The physical world is the great teacher. A computer scientist is inclined to think of physics as the one supreme computation that has been running for billions of years. One can partially characterize the laws of physics as being (a) parallel, (b) homogeneous, and (c) local.
Regarding parallelism, the idea is that the world's computation isn't localized in some hidden controller chip, the computation is taking place everywhere at once. If you toss a rock into a pool of water, you see the ripples spread out in every direction. Each bit of water is computing the appropriate motion, and these computations add up to what we see as waves.
Homogeneity means that the same natural laws apply to all the objects in the system at every place and at every time. When objects seem to behave differently, these differences can be traced to special properties of the objects rather than to disturbances in the uniformity of physical law.
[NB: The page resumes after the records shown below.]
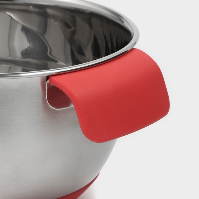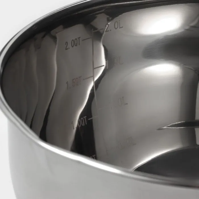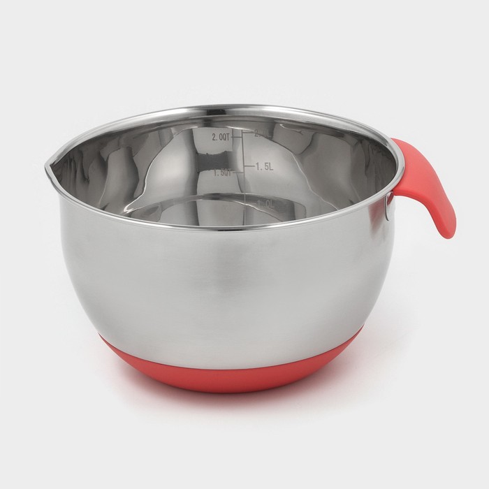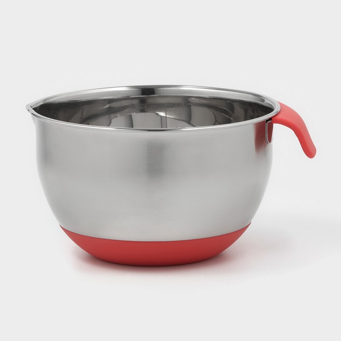 Миска из нержавеющей стали, 2 л, 22×19×11,5 см, с противоскользящим дном и мерной шкалой, силиконовая ручка — Характеристики
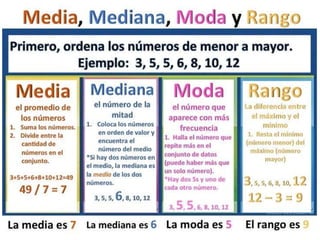 Además de la media existen otras medidas: La media, la mediana y la moda se definen de la siguiente manera: Se suman todos los datos y se divide por la cantidad de datos, en este caso por 10.
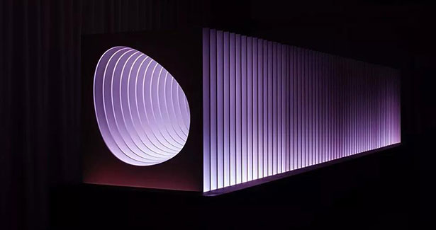 裝置可視針對光圈與燈光展開的研究,全部采用這種krion?材料制作,材料觸感溫暖,與天然石材類似,作品標志著建筑室內(nèi)設計與辦公環(huán)境新的融合。
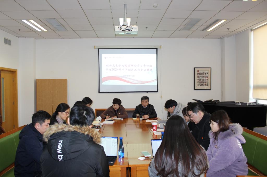 创新发展公司党委理论学习中心组专题学习2024年中央经济工作会议精神 2024年12月18日,创新发展公司党委理论学习中心组在学术会堂712专题学习2024年中央经济工作会议精神。公司党委常务副书记王颖主持会议,公司党委理论学习中心组成员参加学习。集体学习王颖书记指出,中央经济工作会议12月11日至12日在北京举行,习近平总书记出席并发表重要讲话,总结2024年经济工作,分析当前经济形势,部署2025年经济工作。李强作总结讲话,围绕贯彻落实习近平总书记重要讲话精神,就做好明年经济工作提出具...

Locality expresses the notion that the state of an object or a region of the world will be updated solely on the basis of the immediately adjacent regions of the world. (What about gravity, like the pull of the Earth on the Moon? Isn't that action at a distance? Doesn't have to be. According to Einstein's General Theory of Relativity, Earth's mass warps the fabric of space-time, the warping propagates outward like a sag in a sheet, and the Moon moves in accord with the curvature of spacetime in its immediate neighborhood.) When we carry out the special types of physical simulations known as cellular automata or finite difference methods, we do implement locality. But in the case of the Pop Framework, we won't insist on locality. We'll feel free to have old-style 'actions at a distance' under which an object is attracted or repelled by an object that's nowhere near it.
In this chapter we'll focus first on implementing parallelism, and then on homogeneously applying Newton's laws of motion. That is, we allow a critter to access the positions and velocities of other critters, as if it could "see" them. Strictly speaking vision is local, by way of particle-photon interactions ? but we won't simulate down to this low a level.